In Beijing on July 18, Chinese Navy Commander Wu Shengli met with Chief of Naval Operations John Richardson. Admiral Wu made the conversation public, showing that both sides were there to discuss their biggest points of divergence. Wu stated, “China will not stop construction along the South China Sea reefs and will not lessen its vigilant military fortifications because defense installations completely rely on how many threats we receive.”

Wu delivered a clear message to the U.S. that construction along the South China Sea will continue and military installations will be created there, both of which the U.S. is violently opposed to. Wu also said, “We are not afraid of military provocation and the Chinese Navy is fully prepared to respond to any such provocations or infringements.”

At the same time as the newspaper deadline last night, Admiral Richardson said something to Admiral Wu that the American media has yet to report on. This is the first time the Chinese attitude has emerged so forthrightly. This kind of situation is very rare. This firm attitude must be because of the issue in the South China Sea.

China’s sovereignty and interests in the South China Sea have been made the nation’s “core interests,” while the U.S. makes the South China Sea topic its “biggest interest.” “Core interests” and “biggest interests” do not give a lot of space to maneuver. The concern all along has been that the South China Sea will be the place of origin of Sino-American military conflict.

After the South China Sea “arbitration results” were published, several international law violations have occurred. China has made two test flights from Mischief Reef and Subi Reef airports and the People’s Liberation Army has recently announced that it is conducting bomber patrols over the Huangyan Islands. Both of these show a lot of contempt for the arbitration. Taiwan has also sent warships to the Spratly Islands. We treat the arbitration results as just a “piece of paper.”

The U.S. simply cannot interfere with China’s construction in the Spratly Island reefs. Even if its warship again declares “freedom of navigation,” they are just flaunting their military strength. For us (Chinese), it is a highly embellished and ineffectual performance, which will not have any result.

Washington continues to promote the South China Sea arbitration, not only to discredit China but also the Chinese military. China, however, is determined not to take that and America is conversely feeling the pain. America has to take one of two options: “Quit while they’re ahead” and call it a day, or take it a step further and throw down the stakes by increasing military pressure on China. Victory is China’s ultimate concession.
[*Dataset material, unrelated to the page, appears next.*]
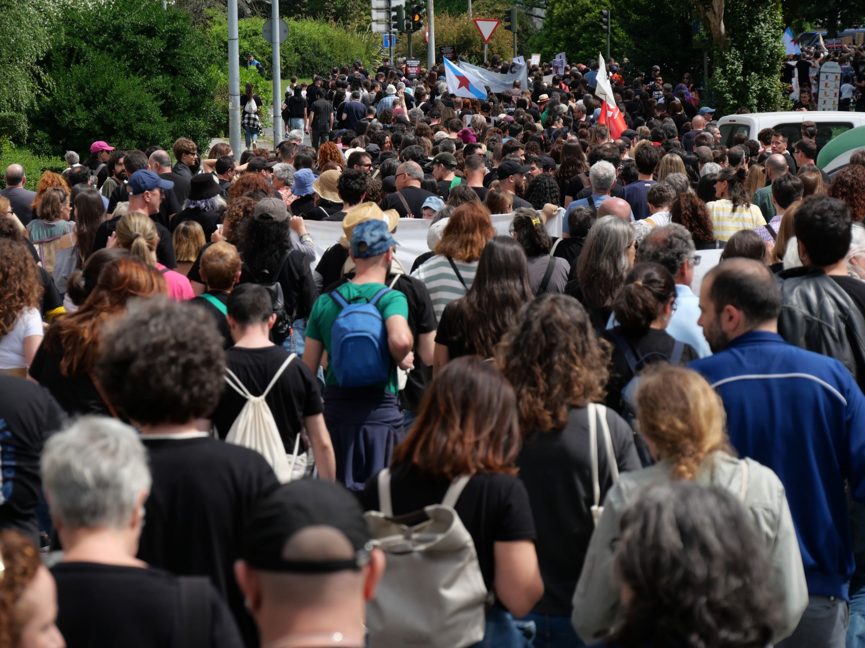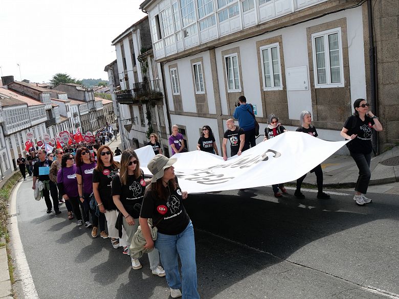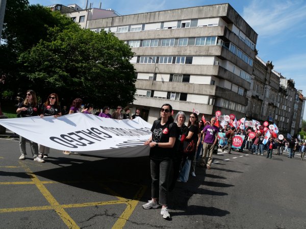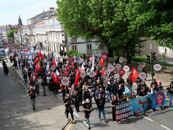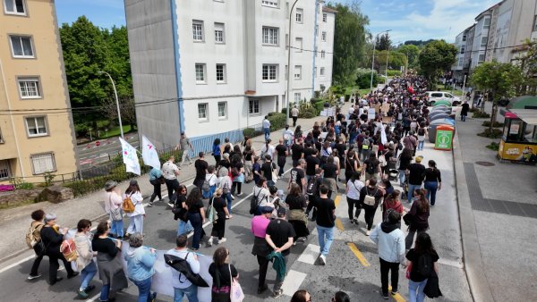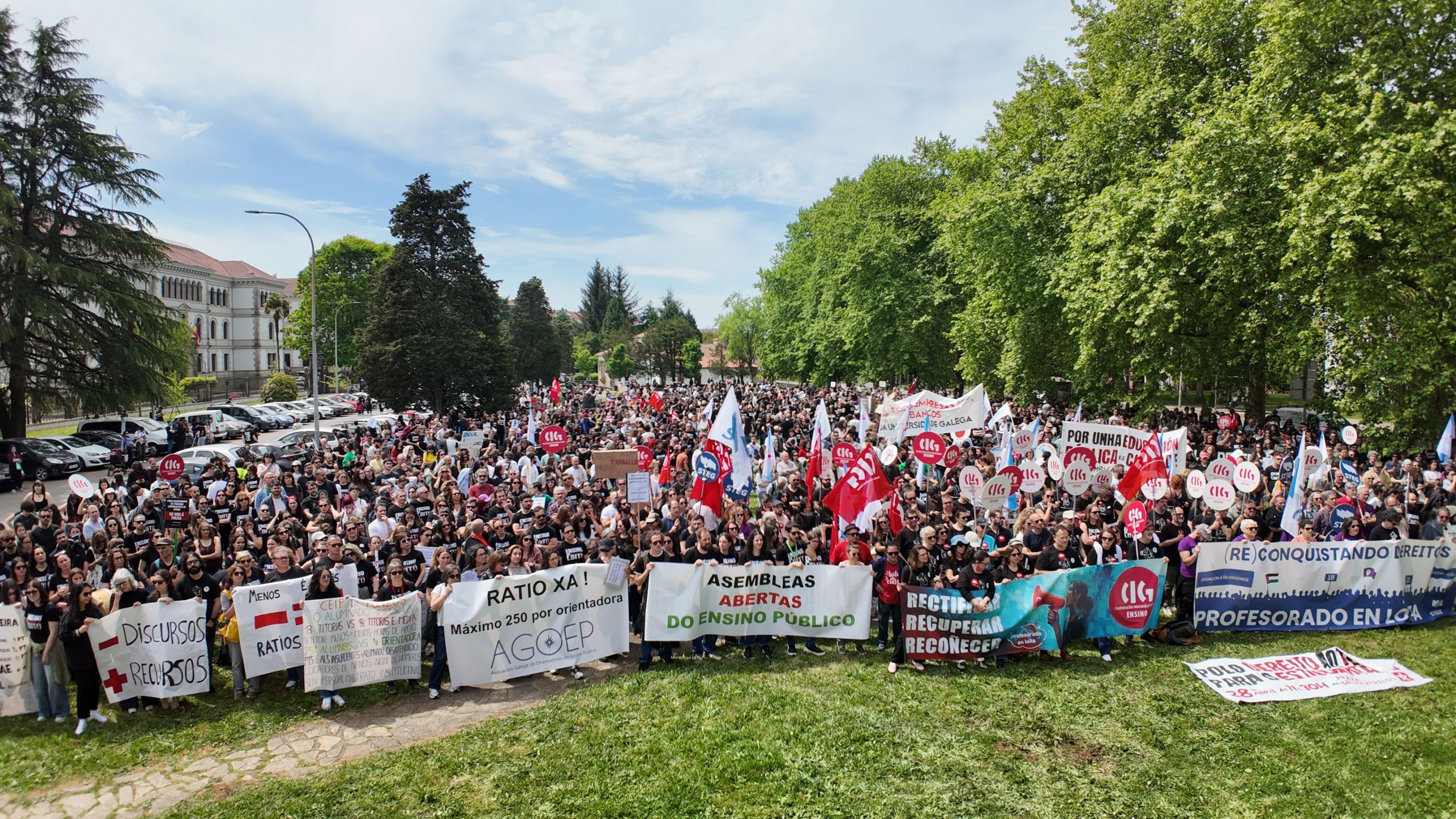 "Estamos fartas de fotos e de propaganda por parte da Consellaría de Educación e mais do sindicatos que asinan ese acordos de vergoña. Queremos melloras reais e concretas e que comecen a aplicarse xa o curso que vén". A secretaria nacional da CIG-Ensino, Laura Arroxo, realizaba estas declaracións ao inicio da manifestación que, baixo o lema “recuperar e avanzar en dereitos”, este martes reuniu a máis de 5.000 persoas na capital galega, maioritariamente docentes, pero tamén alumnado e familias.

In any case, will China and the U.S. have the determination to take the next steps and cross swords? The South China Sea dispute is up against extreme odds and can potentially endanger regional security as well as Sino-American relations. China has now made it known that regardless of the risk we will not yield. If the U.S. doubts the firmness of China’s attitude, then their need to continue this is just as dangerous a move. The battle of wills between two powers is beginning and it will likely not be one or two days or even one or two rounds; it will likely be protracted. During this period, China and the U.S. must pay attention to crisis management so they can make this trial of strength dignified and practical.

In that time, American aircraft carriers will have come and gone in a very superficial display. The Chinese refer to aircraft carriers as an effective tool and in the hand of the American military it is “a straight flush.” Chinese DF-41 guided missiles will be the next step toward the future of the military. They are also in the process of upgrading their nuclear-powered submarines and submarine strategic missiles, both of which have combat-ready capabilities. They are the source of China’s resolute will to protect its nation’s sovereignty and will allow the country such concessions on territory disputes, which is nothing more than an international studies of war joke.

Since it is a joke, America simply cannot put out all its cards. The South China Sea is America’s “biggest interest” and must circumvent China’s “core interest,” and cannot vainly hope to overwhelm the latter. China is unlikely to provoke the U.S. and both sides need to become more flexible. Otherwise, the U.S. president should ask his people: Are they ready to follow him to the South China Sea and assume such a real risk?